Numerical modeling of triply period minimal surface structures with catalyst coating for hydrogen production of methanol steam reforming

Abstract

The catalyst support structure has a significant influence on the performance of the methanol steam reforming (MSR) microreactor for in-situ hydrogen production. Triply period minimal surface (TPMS) structures are emerging as an attractive option as porous MSR catalyst supports owing to their excellent specific surface area, smooth surface and highly interconnected pores. This paper develops a numerical model of the sheet TPMS unit structures with catalyst coating to investigate the flow and reaction characteristics for hydrogen production of MSR reaction. The P, G, and D curved surface structural models were constructed with different porosities.

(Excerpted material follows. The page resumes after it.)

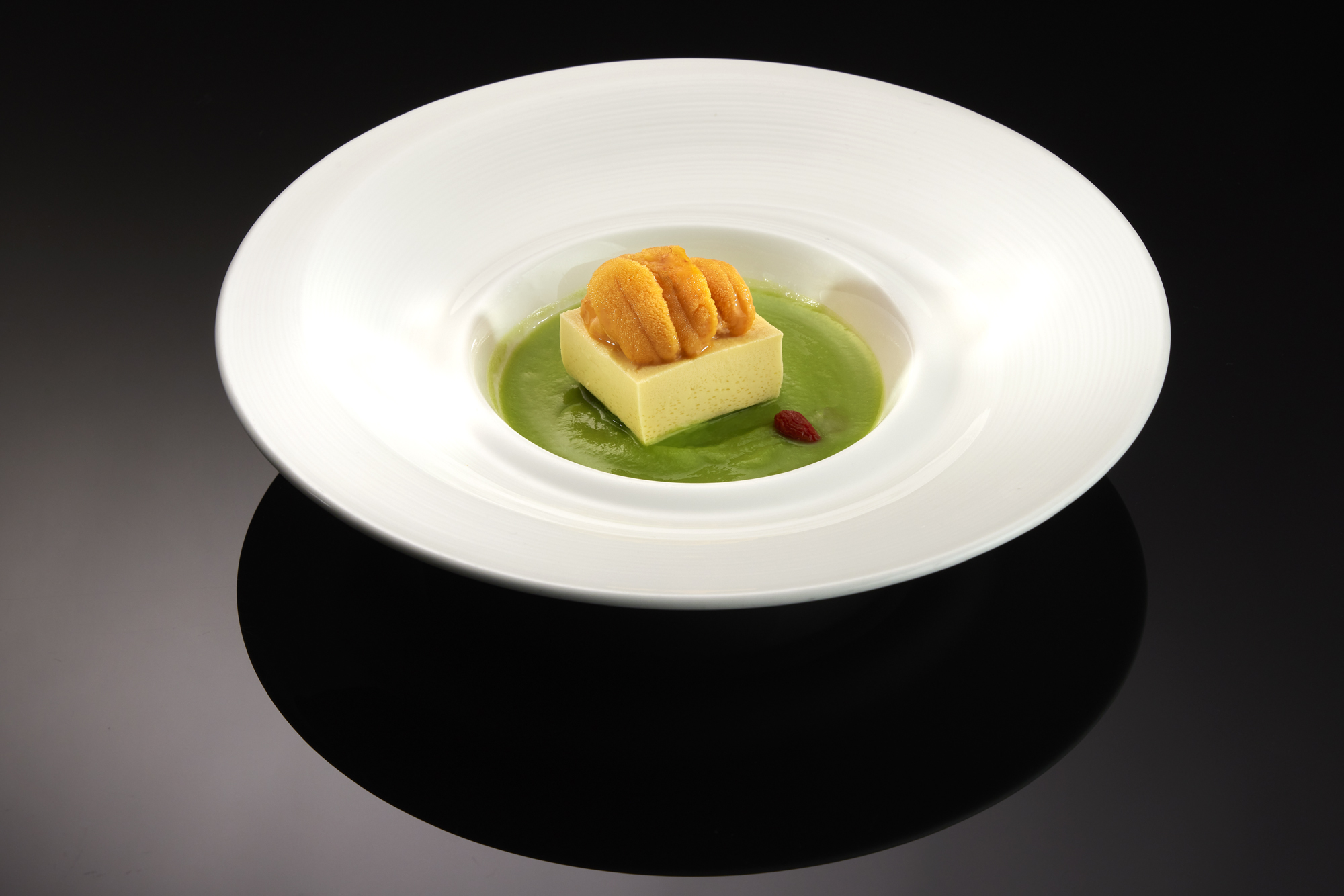 門間料理長擅長以擅長正統會席料理,逢母親節的初夏套餐想呈現的是清新颯爽的原初滋味,採用日本空運漁獲,以健康無負擔為取向,展現天然食材的風味!〈喜知次與綠蘆筍〉喜知次魚有「海中紅寶石」的美譽,肉質細緻,膠原蛋白豐富;〈玉子豆腐 豌豆醬汁與海膽〉皆以食材的原初滋味呈現,三種口感綿密滑順的食材交融,風味迷人、層次豐美。

The numerical results indicated that the P curved surface structure with the porosity of 90% had the lowest pressure drop of 0.15 Pa and the highest permeability of 6.31 × 10−9 m2, while the G curved surface structure always demonstrated excellent flow performance within the porosity range of 50–90%. The D curved surface structure exhibited the best reaction performance with hydrogen production exceeding P and G curved surface structures by about 23% and 78% respectively. Furthermore, the performance differences between the two flow phases of the sheet TPMS structures were investigated for the bicontinuous characteristic. The flow phases of the G curved surface structure demonstrated the best consistency in flow and reaction performances. Finally, the optimal design of the sheet, network, and multi-unit heterogeneous TPMS structural catalyst supports was discussed.